Data has been completely over-analogised recently, with many of them not holding true. It cannot be oil, or any other commodity for that matter, as it is not a store of value nor does it exist in a natural form waiting to be extracted. It also cannot be a moat, a defensive element against competitors, as simply holding data will not provide a defence for long anyway.
Data can be both an asset or a contra asset, think data breaches, it can also be short term or long term in nature. Too much data can become difficult to manage increase risk and not enough data is not efficient for decision making. Low-quality data can misinform decisions and high-quality data requires extremely high efforts for processing. Data in the wrong format or state can be useless, but if applied to the right problem statement in a specific time window, it can be incredibly valuable.
The economics of data – ‘Alexa, how does my data behave?’
Most theories about the usefulness of data come down to how data can be applied to create scaled competitive advantage. A good example is Amazon’s ‘customer also bought’; at a basic mechanical level, the assumption is that more data will give a better recommendation, which in turn drives customer stickiness and acquisitions. This leads to more feedback (that’s data too) and perpetual motion is solved… or is it?
In a classical economics model, adding more resources with a fixed investment upfront will lead to increasingly favourable economies of scale. In this case, however, the result is the opposite.
A recent, popular example is the use of chatbots in customer support. In most instances, the cognitive assistant begins with a basic but sufficient set of responses to common customer queries or intents. As the corpus grows, the chatbot learns from additional customer queries. Applying traditional economies of scale, we should expect the level of intents per query to increase, meaning the chatbot is able to handle a wider range of customer questions.

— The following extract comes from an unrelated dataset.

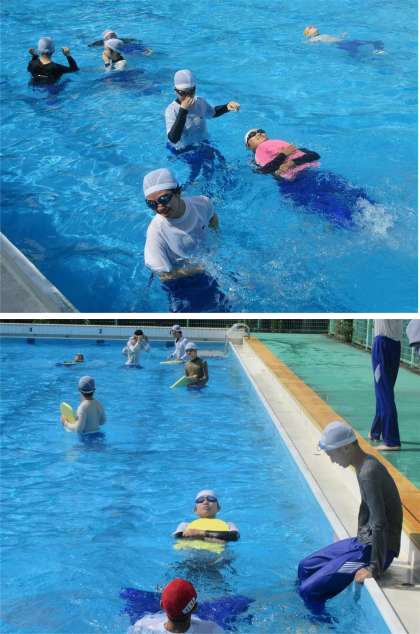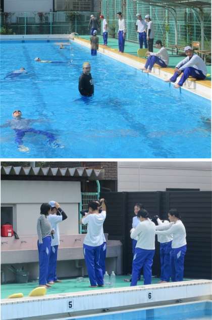 【3年生水泳学習 着衣泳の様子】

Instead, the opposite is happens and the increasing volume and cost of data rises at a diminishing return.
So big data doesn’t work, what about small data? New algorithms are emerging for ‘low data’ machine learning techniques such as ‘one-shot learning’ and ‘transfer learning’. These can help bring data to life with limited overheads. For example, OpenAI showed how teaching a robot to perform additional similar tasks, in this case stacking blocks, only required a single demonstration.
Striking the balance – a framework for thinking about the value of data
Laying the foundations of a minimum viable data set
Steps must be taken to collate a usable corpus of data which constitutes the set in which training of the machine models should begin. This initial set may come from various sources such as internal data.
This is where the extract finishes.